## ASSIGNED TASK
In this exercise, copy exactly the lines from the one that contains "MS609 lock compression" through the end of the entries below; pictures are not copied.

[Start of section]

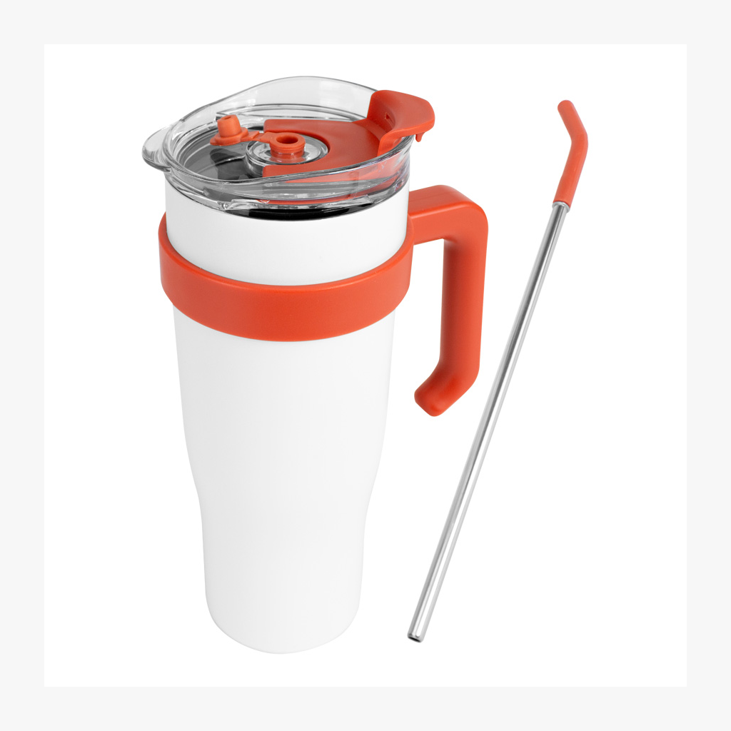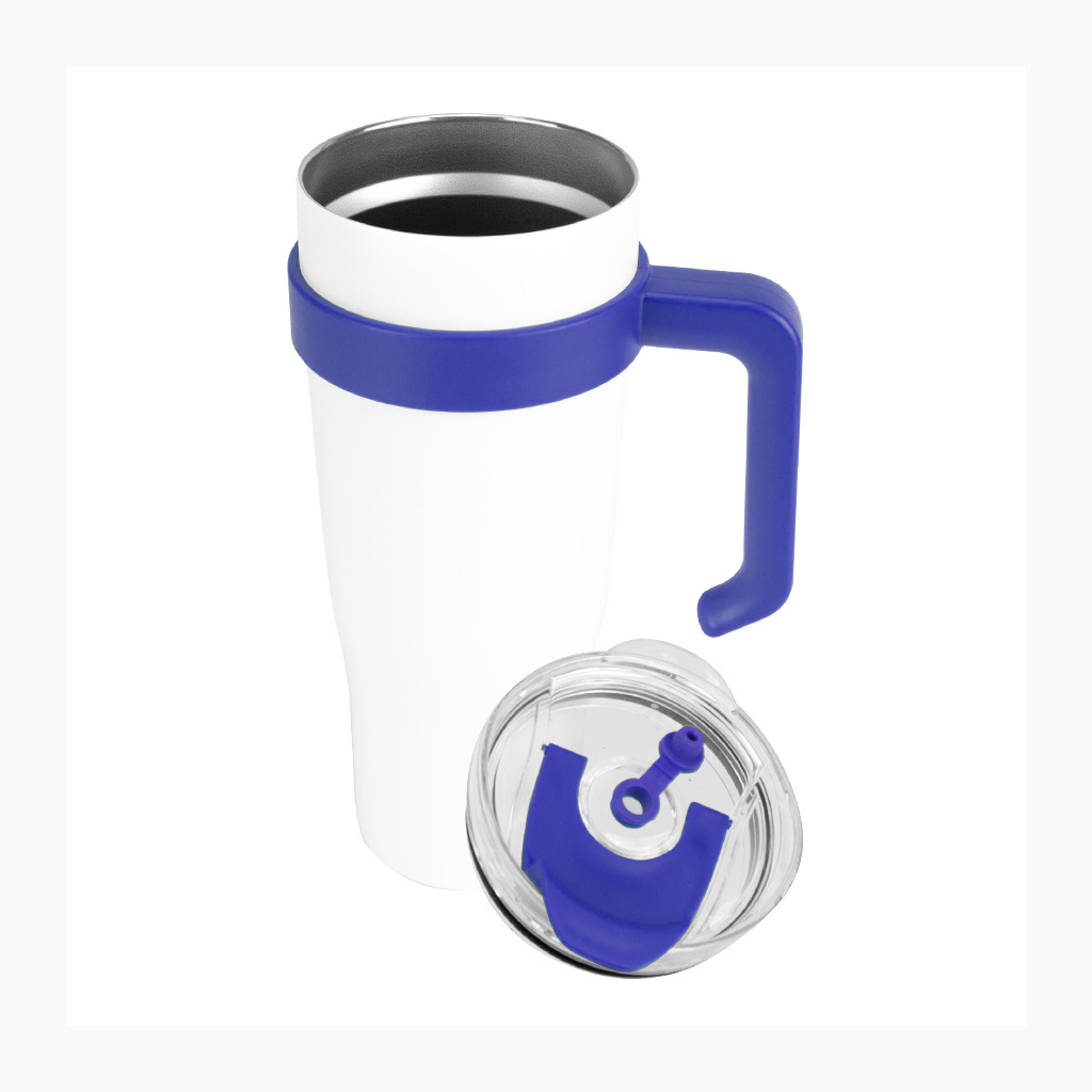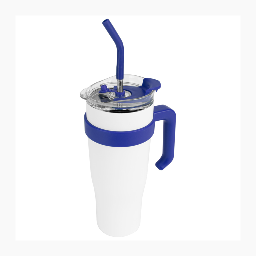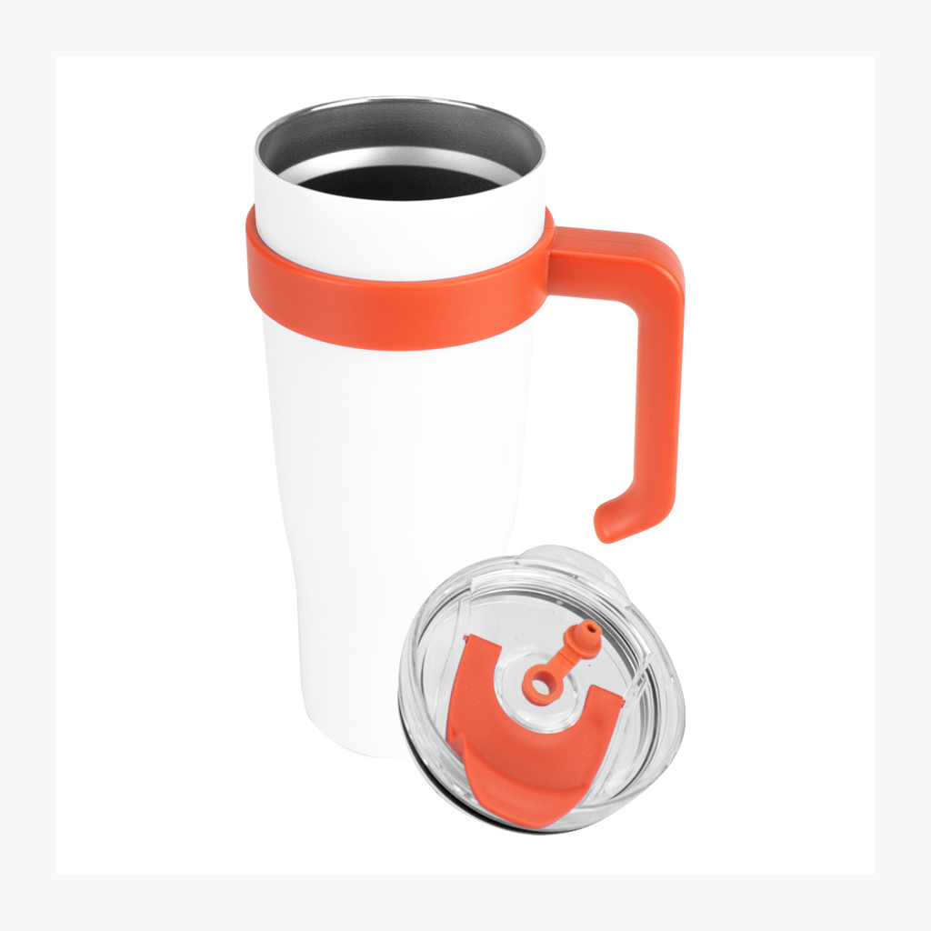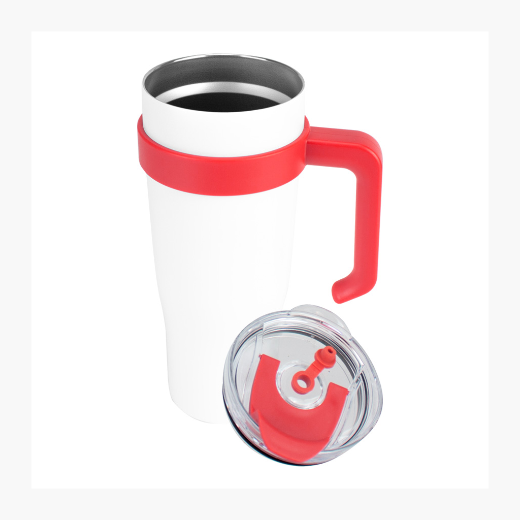 Mug térmico metálico doble pared aislante, interior Acero inoxidable 304 SS, exterior Acero inoxidable 201 SS, modelo «GIANT», con mango de polipropileno (PP) de color al tono. Incluye bombilla de Acero inoxidable con boquilla de silicona de color al tono (viene en el interior del mug). Producto BPA FREE, para el contacto con líquidos y alimentos. Tapa removible de plástico PET Crystal Clear con sello cilíndrico de silicona y sistema de cierre/apertura antiderrame. Capacidad 1200cc. Presentación en bolsa burbuja + caja de regalo de cartón laminado negro.
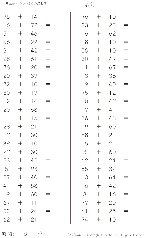 上記のボタンから「くり上がりのない2桁の足し算」の算数数学ドリル・計算ドリル(PDFプリント)がダウンロードできます。個人利用は無料です(家庭以外での配布は有料です)。
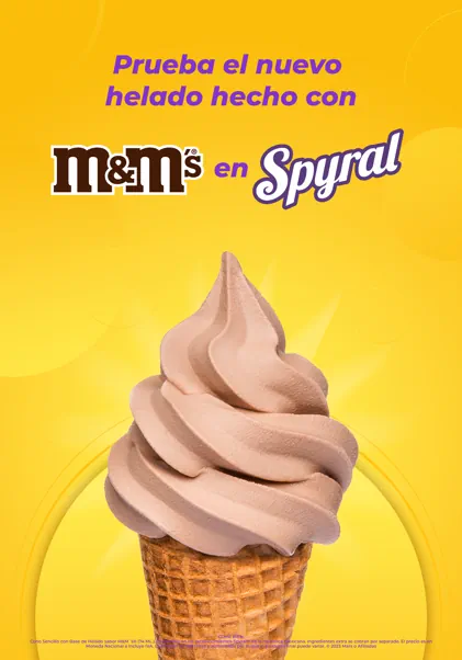 Descubre la nueva base de helado con chocolate M&M’s de Spyral, disponible en conjuntos Cinépolis seleccionados. Esta irresistible adición se une a la amplia variedad de sabores clásicos que Spyral ofrece desde su lanzamiento en 2008 en Morelia, Michoacán. Desde conos simples hasta lanzamientos especiales, Spyral se ha convertido en la opción número uno para los amantes del helado.
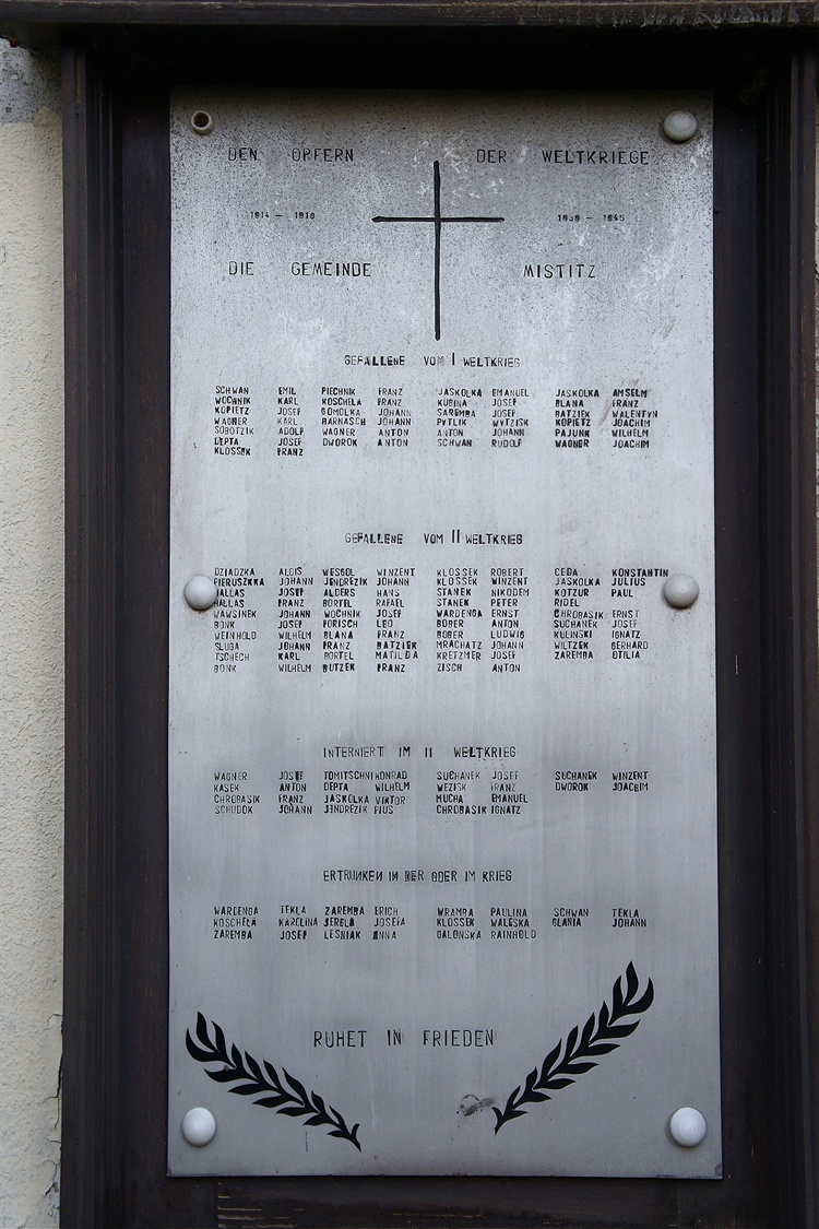 W Miejscu Odrzańskim, za drewnianym kościółkiem św. Trójcy, na lokalnym cmentarzu parafialnym, na ścianie dawnego mauzoleum rodu Reibnitz (obecnie kaplica cmentarna) wisi skromna tablica upamiętniająca miejscowe ofiary I i II wojny światowej. Na pierwszy rzut oka wygląda jak prowizoryczna, niestarannie zrobiona lista osób, które zginęły w wojnach. Z rozmów wynika, że została ufundowana około 10 lat temu. Brak jest informacji o inicjatorach akcji oraz dlaczego postanowiono uczcić pamięć ofiar właśnie, w ten, a nie inny sposób. Mimo swojej prostoty tablica jest wyjątkowa, ponieważ upamiętnia ofiary I, a także II wojny światowej wśród , których są wymienione z nazwiska i imienia osoby cywilne pochłonięte przez nurt Odry podczas wojennej przeprawy.
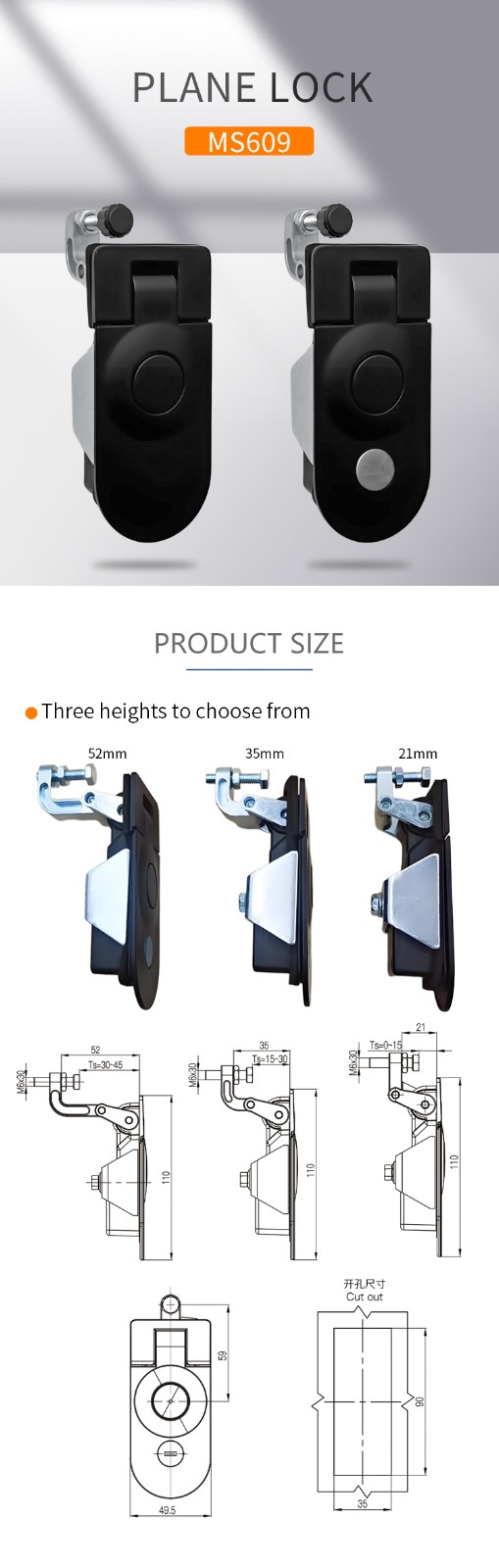 MS609 lock compression type flat door lock zinc alloy switch cabinet door lock cabinet communication cabinet fire cabinet camper lock
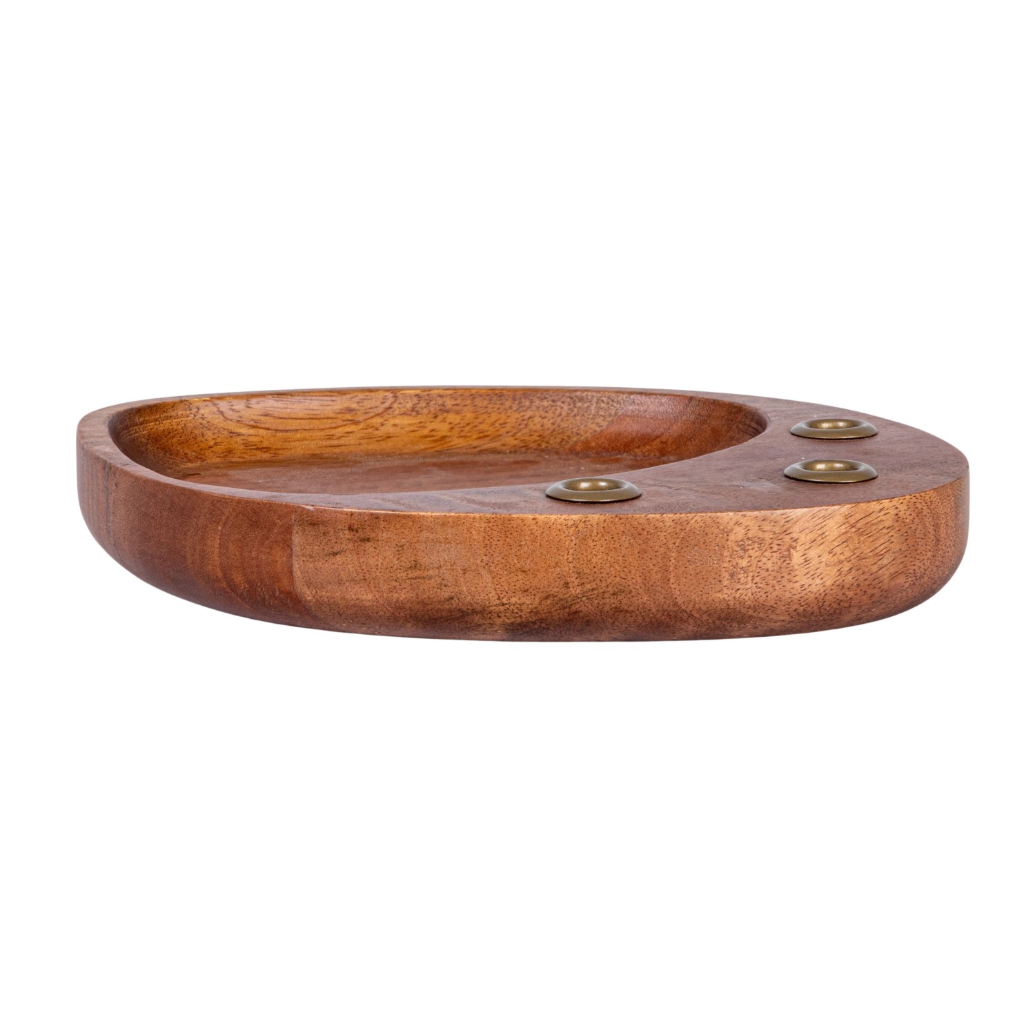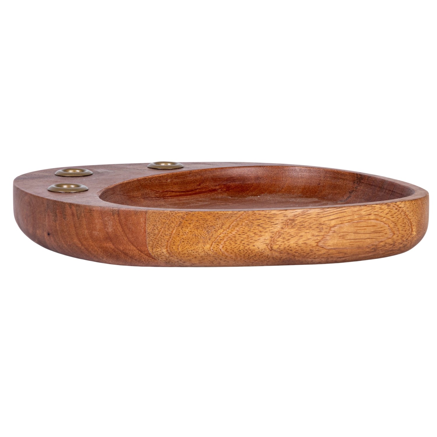 Catalog Name: 9-1/4"L x 7"W x 1-1/4"H Mango Wood & Metal Taper Holder w/ Tray, Gold Finish & Natural (Holds (3) 1/2" Tapers)

[End of section]

## REPLY
 MS609 lock compression type flat door lock zinc alloy switch cabinet door lock cabinet communication cabinet fire cabinet camper lock
 Catalog Name: 9-1/4"L x 7"W x 1-1/4"H Mango Wood & Metal Taper Holder w/ Tray, Gold Finish & Natural (Holds (3) 1/2" Tapers)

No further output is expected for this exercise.